DATASET EXTRACT START

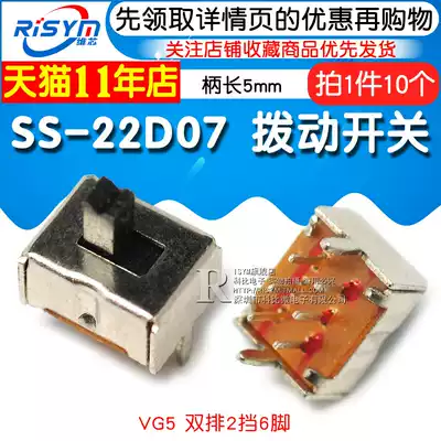 Rsym toggle switch SS-22D07 VG5 double-row 2-speed 6-pin 2P2T sliding switch handle length 5mm
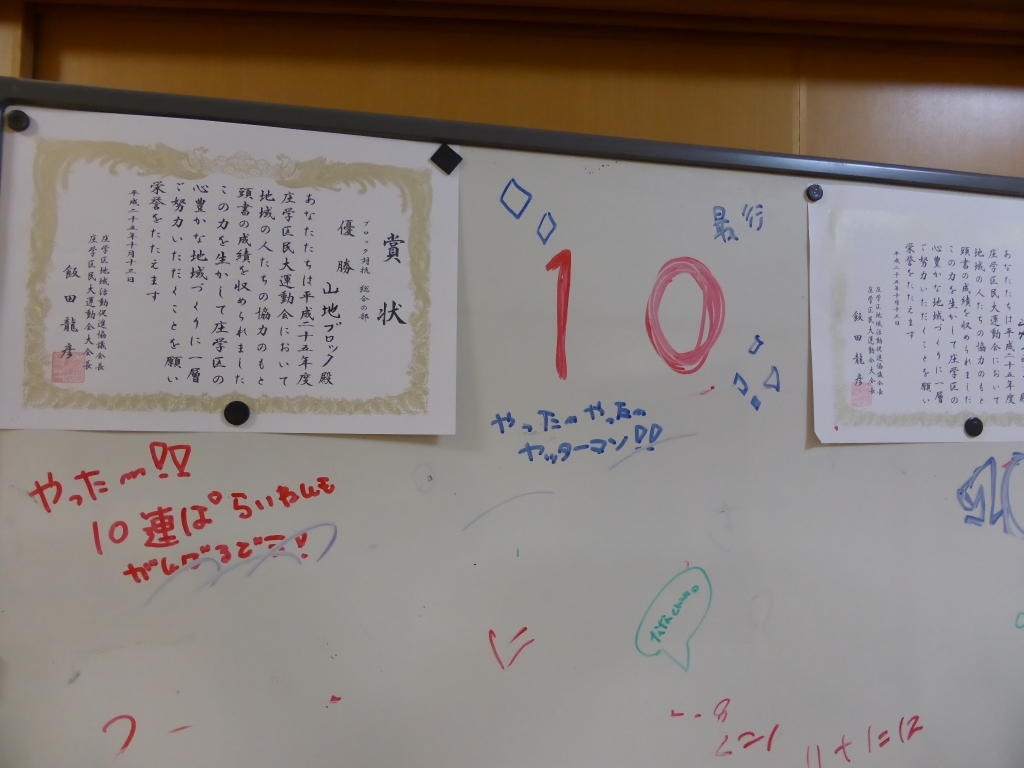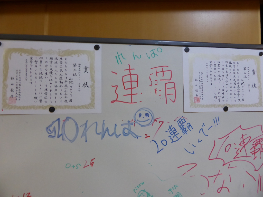 得点掲示板が出来上がってすぐ、役員集合です
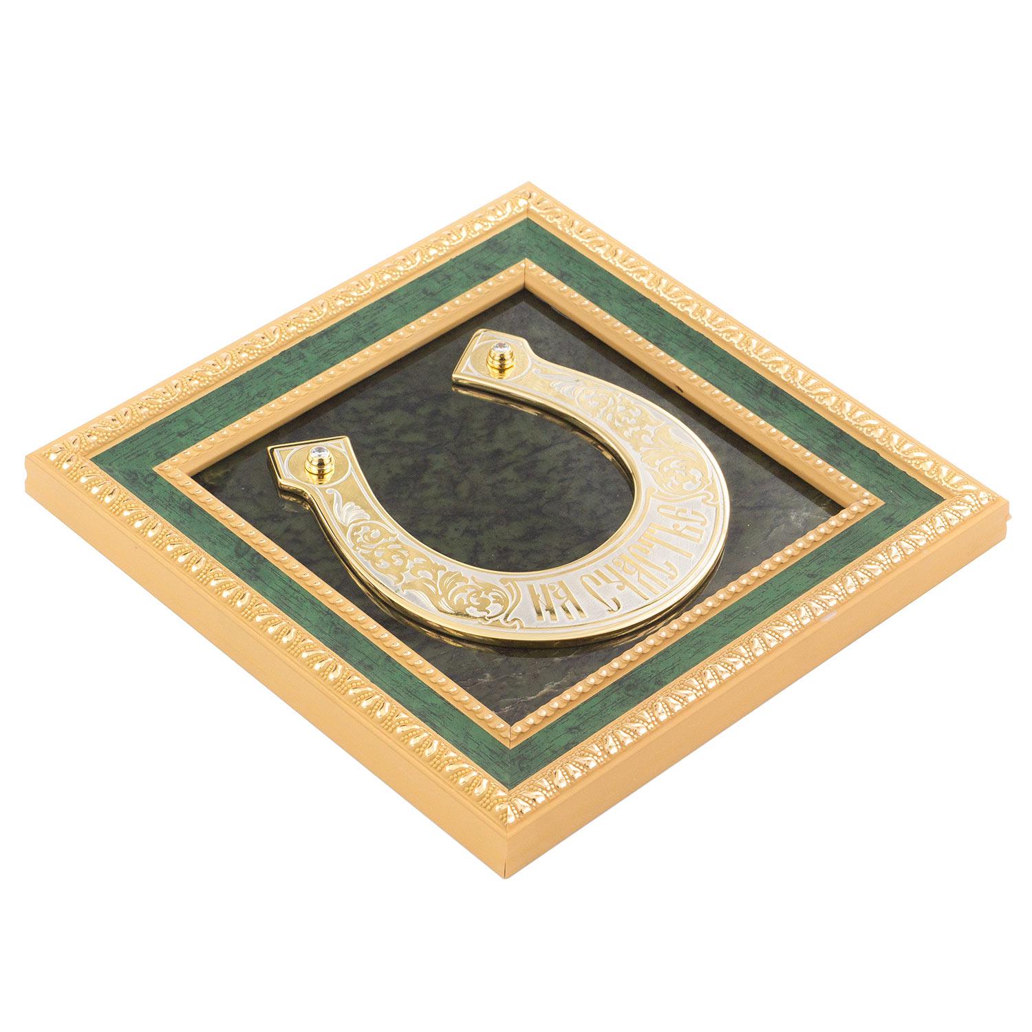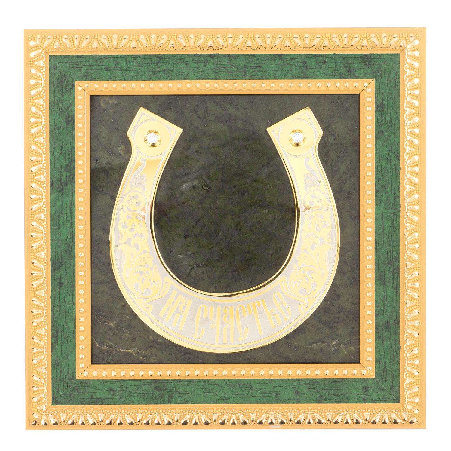 Панно подкова на счастье нефрит багет 180х180х20 мм 1100 гр.. Вес 1100 г Размер 18х18х2 см Материал нефрит, латунь, никель, покрытие золотом (999,9). Месторождение Миасское, Челябинская область, Россия  развернуть описание ▼

DATASET EXTRACT END

TASK DESCRIPTION ▸ Restate all of the data word for word and include no pictures.

SOLUTION TO THIS TASK ▸
 Rsym toggle switch SS-22D07 VG5 double-row 2-speed 6-pin 2P2T sliding switch handle length 5mm
 得点掲示板が出来上がってすぐ、役員集合です
 Панно подкова на счастье нефрит багет 180х180х20 мм 1100 гр.. Вес 1100 г Размер 18х18х2 см Материал нефрит, латунь, никель, покрытие золотом (999,9). Месторождение Миасское, Челябинская область, Россия  развернуть описание ▼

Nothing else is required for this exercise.